Coquina Beach is a beach in North Carolina, US, located in the Cape Hatteras National Seashore. It is located not far from the Wright Brothers National Memorial and is off highway 12 at milepost 22, 8 mi south of Nags Head, North Carolina. Local activities include swimming, crabbing, surf fishing, surfing, shell collecting, bird and wildlife watching and sightseeing. Coquina Beach is considered by many visitors to be among the loveliest beaches in the Outer Banks. The beach is named for the tiny Coquina clams (Donax variabilis) which abound in the margin (water's edge).

==Beach Conditions==
"Coquina is known for its miles of wave-drenched golden sands, its towering dunes, and its gracefully swaying Sea Oats". Waves are usually in the 2-6' range and suitable for beginners to advanced surfers. The beach can be enjoyed in relative peace, even in the summer the atmosphere is relatively quiet. Coquina is clean and the water is relatively clear for the East Coast. "Most days the water is blown out by SW winds, but fronts can pass and the wind turns more northwesterly after a protracted period of SW winds, making a perfectly enjoyable beach day".

==Tourism==

Tourist activities include fishing, relaxing, surfing and sightseeing. Fishing on the Outer Banks, particularly Coquina Beach, can be on or off shore. Local fisherman can be seen casting reels and nets into the shorebreak on any given day, while boats varying in size and shape are dropping nets into the Atlantic and pulling in different species of saltwater fish. The beach is a relaxing spot to surf during the late summer and early fall. "With its historic fishing villages and some of the best surfing along the East Coast, Coquina Beach was included in the 2009 Top 10 Beaches ranking, as judged by Florida International University's Laboratory for Coastal Research".

==Shipwreck==

The shipwreck of the Laura Barnes sailing ship is located on Coquina Beach. The Laura Barnes is representative of the many wooden sailing ships that were lost on the Outer Banks. "The four-masted schooner out of Camden, Maine was driven ashore during a nor’easter on the night of June 1, 1921". The entire crew was rescued by Coast Guardsmen from nearby Bodie Island Station and the stranded ship was stripped and sold to some locals for salvage at an auction. Some parts of the Laura Barnes went into building a house, which is a very common occurrence on the Outer Banks. Storms shifted the remaining wreckage about a mile south of the original location on Coquina Beach, across from the Bodie Island Lighthouse.
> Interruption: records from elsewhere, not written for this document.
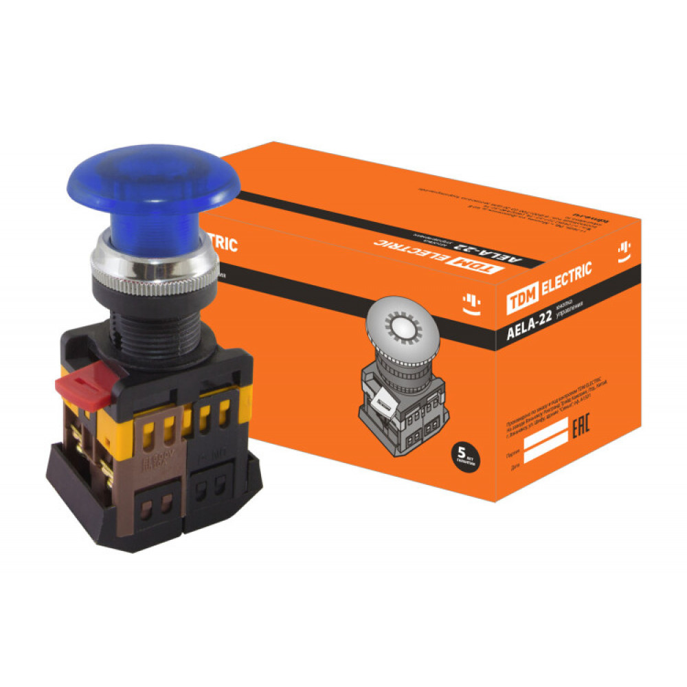 Описание Кнопка AELA-22 "Грибок" синий d22мм неон/230В 1з+1р SQ0704-0035
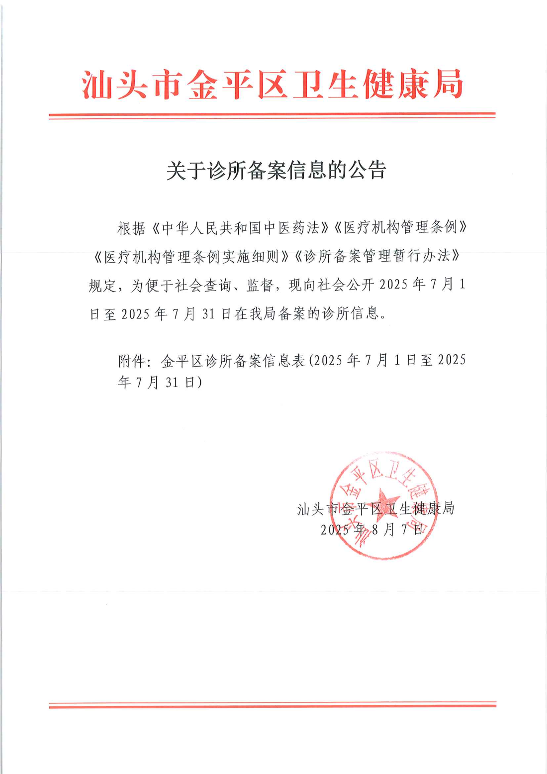 根据《中华人民共和国中医药法》《医疗机构管理条例》《医疗机构管理条例实施细则》《诊所备案管理暂行办法》规定,为便于社会查询、监督,现向社会公开2025年7月1日至2025年7月31日在我局备案的诊所信息。
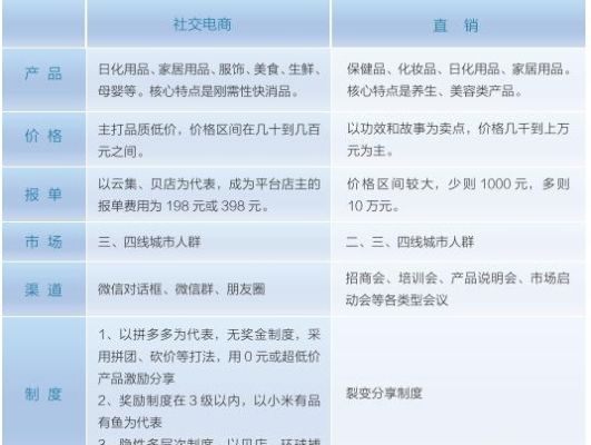 社交电商与直销在产品、价格、报单、市场、渠道、制度的差异见下页图表
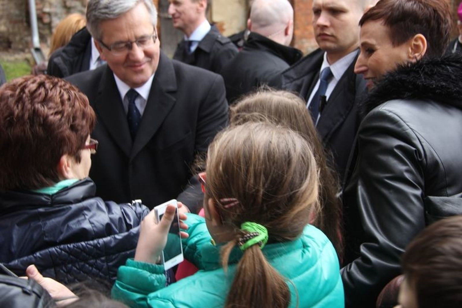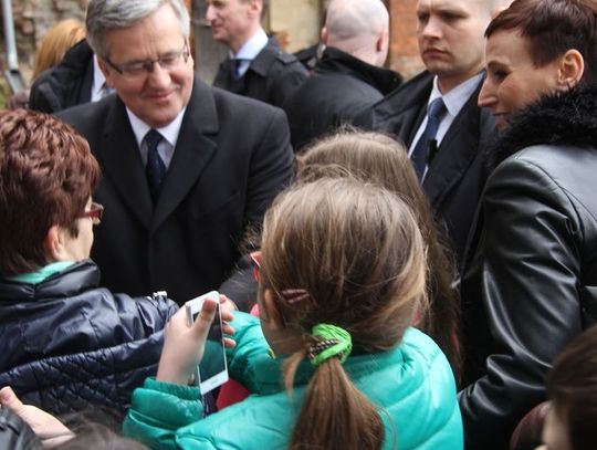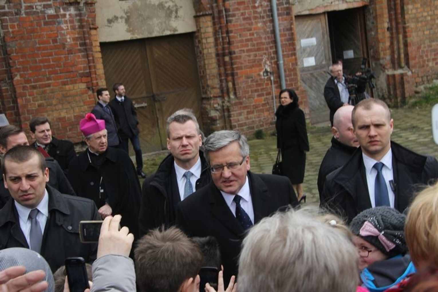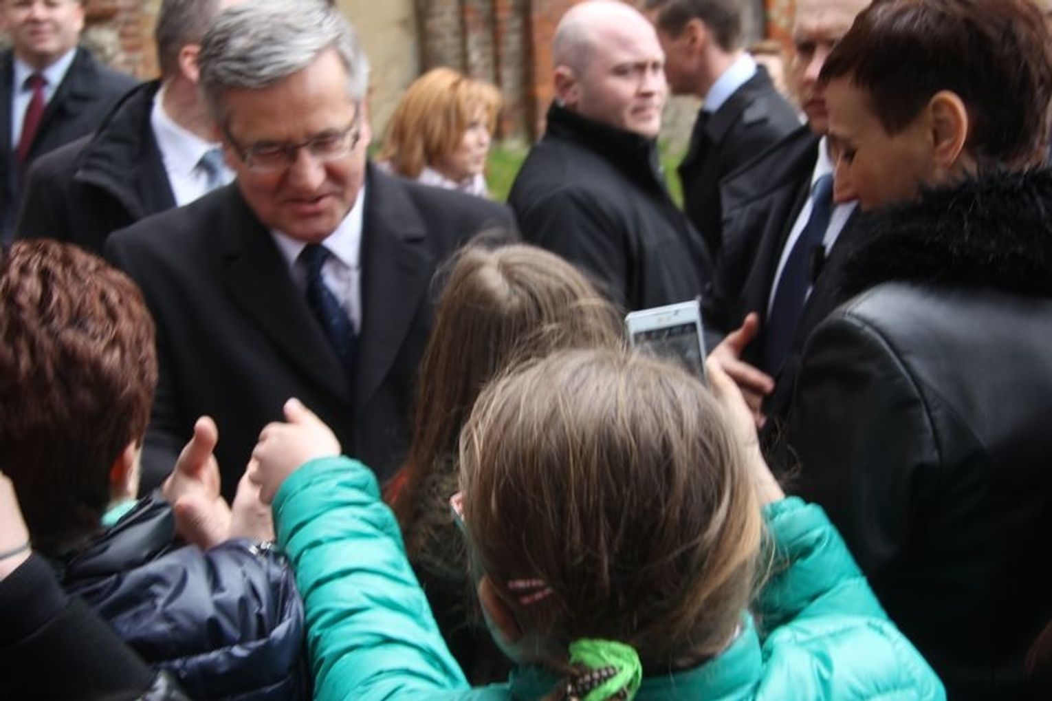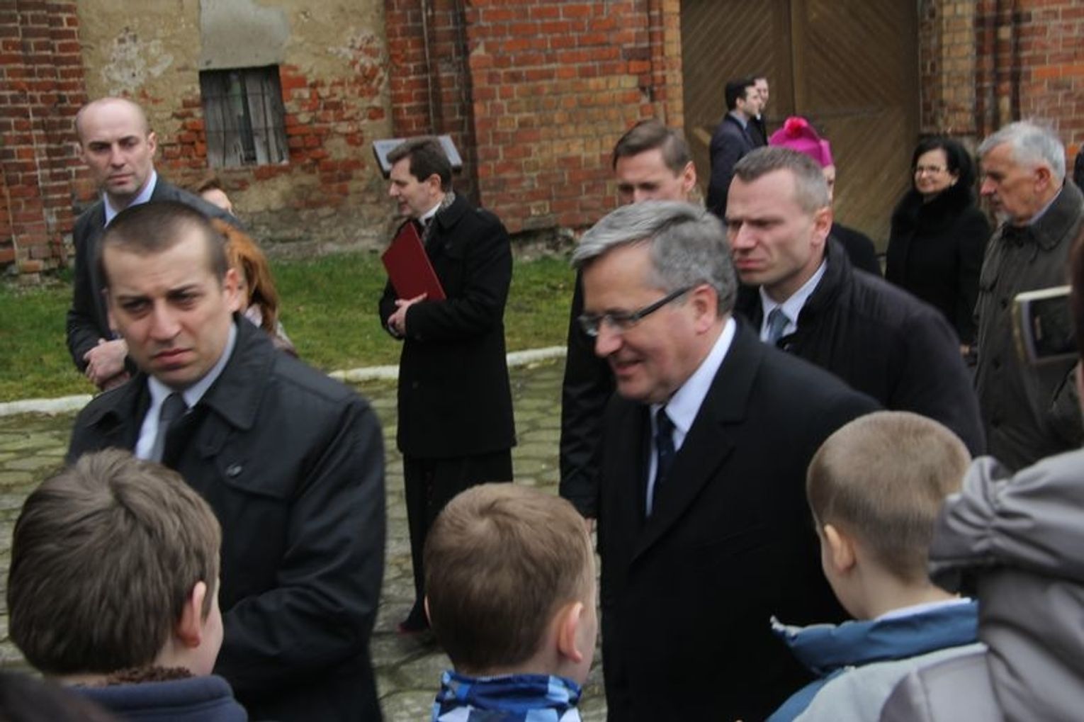 Po wyjściu z obiektu prezydent witał się z mieszkańcami. Najpierw był szpaler dzieciaków, które chętnie komórkami robiły zdjęcia głowie państwa, chwaląc się potem w szkole i w domach. Gdy jeden z mieszkańców zwrócił uwagę, że prezydent wita się głównie z kobietami, Bronisław Komorowski odwrócił się, zawrócił i podszedł podać rękę rozmówcy.

There an exhibit is provided for public viewing giving additional information about the wreck.

==Commercial Fishing==

Coquina also provides a glimpse into the rapidly vanishing commercial fishing industry. "Every day, in good weather and bad, commercial fishermen spread nets out in long lines on the hard-packed sand, checking for tears and tangles". After passing inspection, the nets are loaded onto small hand-built wooden boats, also called dorys, which fight their way through surf and drop them in calmer waters 50 to 75 ft from the Atlantic shore. Later in the day, these same boats retrieve the ends of the nets, cruise to shore, and attach them to pickup trucks. Local businesses rely on commercial fishing for fresh seafood and employment throughout the year.

==Accessibility==
Coquina Beach is accessible by foot. Those holding a valid permit can drive on the beach or host a bonfire.